Put all of your passwords on a
document named something other than “My passwords.” I find burying passwords
somewhere in a spreadsheet to be useful. Print out a copy and place it in your
safety deposit box with other important papers.
Your biggest risk? You.
I have said all too often that
when it comes to investing, people are their own worst enemy. Behavioral
problems are rife in security as well. Get into the practice of thinking about
security, and soon it becomes second nature.
The Securities and Exchange
Commission has gotten much more serious about personal financial data security.
They have informed advisers and brokers that there is a duty to protect client
data.

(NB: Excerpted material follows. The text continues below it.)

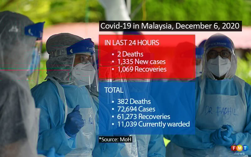 In a statement, Noor Hisham said the 1,335 cases brought the total number of infections in the country to 72,694.

When we set up our wealth-management practice, we put into place specific
policies and procedures to protect clients:
● All sensitive information is
sent by secure e-mail using a third party for encryption.
● We never e-mail Social Security
numbers or account numbers or other private data via regular email.
● We went totally paperless. Our
file cabinets are empty, everything is cloud based.
● Any documents that arrive are
shredded, so even our outgoing garbage is secure with nothing usable to a
thief.
Most of this is common sense.
However, many people are still vulnerable. With smarts and a bit of awareness,
you can make your financial assets much more secure.